Let's now have a look at how we can create a BPE tokenizer like the one used for training GPT-2. The first step is to create a `Tokenizer` with an empty `BPE` model:

In [14]:
tokenizer = Tokenizer(models.BPE())

Like before, we have to add the optional normalization (not used in the case of GPT-2) and we need to specify a pre-tokenizer before training. In the case of GPT-2, the pre-tokenizer used is a byte level pre-tokenizer:

In [15]:
tokenizer.pre_tokenizer = pre_tokenizers.ByteLevel(add_prefix_space=False)

If we want to have a quick look at how it preprocesses the inputs, we can call the `pre_tokenize_str` method:

In [16]:
tokenizer.pre_tokenizer.pre_tokenize_str("This is an example!")

[('This', (0, 4)),
 ('Ġis', (4, 7)),
 ('Ġan', (7, 10)),
 ('Ġexample', (10, 18)),
 ('!', (18, 19))]

We used the same default as for GPT-2 for the prefix space, so you can see that each word gets an initial `'Ġ'` added at the beginning, except the first one.

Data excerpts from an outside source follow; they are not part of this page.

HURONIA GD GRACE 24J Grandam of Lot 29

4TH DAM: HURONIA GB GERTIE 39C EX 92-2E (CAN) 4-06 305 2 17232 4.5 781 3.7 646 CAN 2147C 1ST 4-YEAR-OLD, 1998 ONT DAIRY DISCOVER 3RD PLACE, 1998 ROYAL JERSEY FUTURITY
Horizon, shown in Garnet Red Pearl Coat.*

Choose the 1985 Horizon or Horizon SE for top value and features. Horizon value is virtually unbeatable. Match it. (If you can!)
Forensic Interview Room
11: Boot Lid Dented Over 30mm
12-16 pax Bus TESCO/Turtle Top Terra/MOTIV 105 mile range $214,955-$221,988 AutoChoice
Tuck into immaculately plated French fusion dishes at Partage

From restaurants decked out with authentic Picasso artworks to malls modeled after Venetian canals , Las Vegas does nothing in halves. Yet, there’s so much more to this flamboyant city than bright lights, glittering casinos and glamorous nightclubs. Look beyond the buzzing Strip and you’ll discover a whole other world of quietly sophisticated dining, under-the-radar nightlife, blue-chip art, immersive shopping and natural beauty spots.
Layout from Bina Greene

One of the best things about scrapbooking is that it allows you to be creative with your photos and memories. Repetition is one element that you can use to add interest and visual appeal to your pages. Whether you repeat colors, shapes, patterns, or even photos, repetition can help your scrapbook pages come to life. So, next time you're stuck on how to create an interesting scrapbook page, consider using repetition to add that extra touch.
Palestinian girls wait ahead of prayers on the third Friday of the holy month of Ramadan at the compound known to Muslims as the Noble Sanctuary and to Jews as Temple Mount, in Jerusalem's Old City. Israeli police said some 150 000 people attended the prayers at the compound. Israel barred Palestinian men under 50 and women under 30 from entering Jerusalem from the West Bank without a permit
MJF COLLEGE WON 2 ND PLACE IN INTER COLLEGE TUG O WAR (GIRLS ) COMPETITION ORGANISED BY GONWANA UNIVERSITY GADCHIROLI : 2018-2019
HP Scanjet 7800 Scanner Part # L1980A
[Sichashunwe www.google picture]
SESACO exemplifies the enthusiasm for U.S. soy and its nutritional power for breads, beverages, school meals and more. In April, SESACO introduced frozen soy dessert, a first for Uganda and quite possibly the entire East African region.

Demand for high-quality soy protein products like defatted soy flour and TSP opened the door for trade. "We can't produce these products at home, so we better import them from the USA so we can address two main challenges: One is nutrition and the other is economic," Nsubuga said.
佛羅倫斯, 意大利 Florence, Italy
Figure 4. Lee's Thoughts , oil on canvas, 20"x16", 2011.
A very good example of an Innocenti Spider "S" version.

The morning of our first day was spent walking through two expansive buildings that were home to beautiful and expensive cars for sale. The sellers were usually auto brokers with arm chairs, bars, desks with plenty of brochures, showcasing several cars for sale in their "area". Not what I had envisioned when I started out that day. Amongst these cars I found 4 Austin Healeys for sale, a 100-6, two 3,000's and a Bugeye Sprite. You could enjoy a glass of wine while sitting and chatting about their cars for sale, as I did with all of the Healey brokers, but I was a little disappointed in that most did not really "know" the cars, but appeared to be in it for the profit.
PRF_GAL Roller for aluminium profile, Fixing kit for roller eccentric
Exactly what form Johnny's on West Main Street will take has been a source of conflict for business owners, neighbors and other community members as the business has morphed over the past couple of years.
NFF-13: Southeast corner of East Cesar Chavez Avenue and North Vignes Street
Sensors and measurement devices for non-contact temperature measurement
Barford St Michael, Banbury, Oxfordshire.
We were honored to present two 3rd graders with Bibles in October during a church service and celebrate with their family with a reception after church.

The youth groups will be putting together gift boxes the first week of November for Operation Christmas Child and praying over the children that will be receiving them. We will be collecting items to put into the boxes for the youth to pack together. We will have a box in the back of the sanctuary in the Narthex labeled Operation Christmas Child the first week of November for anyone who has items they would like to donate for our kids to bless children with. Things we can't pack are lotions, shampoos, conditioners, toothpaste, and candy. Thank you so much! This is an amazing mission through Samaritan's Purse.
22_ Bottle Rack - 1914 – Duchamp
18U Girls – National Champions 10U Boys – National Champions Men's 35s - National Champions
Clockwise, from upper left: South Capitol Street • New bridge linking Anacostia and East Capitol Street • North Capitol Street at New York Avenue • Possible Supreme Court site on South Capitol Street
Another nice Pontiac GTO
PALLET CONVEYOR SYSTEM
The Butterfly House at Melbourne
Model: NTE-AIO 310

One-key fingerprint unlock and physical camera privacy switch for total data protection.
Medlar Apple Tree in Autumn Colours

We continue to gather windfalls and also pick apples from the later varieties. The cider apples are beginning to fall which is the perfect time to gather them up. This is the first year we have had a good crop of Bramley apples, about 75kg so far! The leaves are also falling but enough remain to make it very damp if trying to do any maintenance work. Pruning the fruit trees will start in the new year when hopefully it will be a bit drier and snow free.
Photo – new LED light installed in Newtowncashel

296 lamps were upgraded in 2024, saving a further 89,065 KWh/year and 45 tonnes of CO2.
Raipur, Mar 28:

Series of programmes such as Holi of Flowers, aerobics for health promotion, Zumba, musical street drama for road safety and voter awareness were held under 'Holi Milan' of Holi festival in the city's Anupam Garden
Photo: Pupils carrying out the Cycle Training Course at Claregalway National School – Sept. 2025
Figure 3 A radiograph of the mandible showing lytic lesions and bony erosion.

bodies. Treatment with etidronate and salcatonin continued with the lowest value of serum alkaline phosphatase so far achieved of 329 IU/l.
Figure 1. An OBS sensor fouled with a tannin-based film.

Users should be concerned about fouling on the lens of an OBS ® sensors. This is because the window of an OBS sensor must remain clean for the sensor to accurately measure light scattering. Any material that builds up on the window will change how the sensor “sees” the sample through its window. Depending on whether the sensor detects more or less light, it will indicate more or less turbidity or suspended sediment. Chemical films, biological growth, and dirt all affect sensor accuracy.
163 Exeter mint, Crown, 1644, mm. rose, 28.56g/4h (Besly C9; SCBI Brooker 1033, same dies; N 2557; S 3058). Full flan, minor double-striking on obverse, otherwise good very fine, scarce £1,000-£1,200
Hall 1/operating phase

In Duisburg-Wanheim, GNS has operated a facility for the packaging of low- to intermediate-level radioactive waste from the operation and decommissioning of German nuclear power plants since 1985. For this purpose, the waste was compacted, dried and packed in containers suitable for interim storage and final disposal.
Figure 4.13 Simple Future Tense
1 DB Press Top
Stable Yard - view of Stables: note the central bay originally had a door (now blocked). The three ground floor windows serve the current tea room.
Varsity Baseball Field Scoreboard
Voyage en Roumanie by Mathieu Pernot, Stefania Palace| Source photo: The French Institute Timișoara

We can now train our tokenizer! This time we use a `BpeTrainer`.

In [17]:
trainer = trainers.BpeTrainer(vocab_size=25000, special_tokens=["[EOS]"])
tokenizer.train_from_iterator(batch_iterator(), trainer=trainer)

To finish the whole pipeline, we have to include the post-processor and decoder:

In [18]:
tokenizer.post_processor = processors.ByteLevel(trim_offsets=False)
tokenizer.decoder = decoders.ByteLevel()

And like before, we finish by wrapping this in a Transformers tokenizer object:

In [19]:
from transformers import GPT2TokenizerFast

bpe_tokenizer = GPT2TokenizerFast(tokenizer_object=tokenizer)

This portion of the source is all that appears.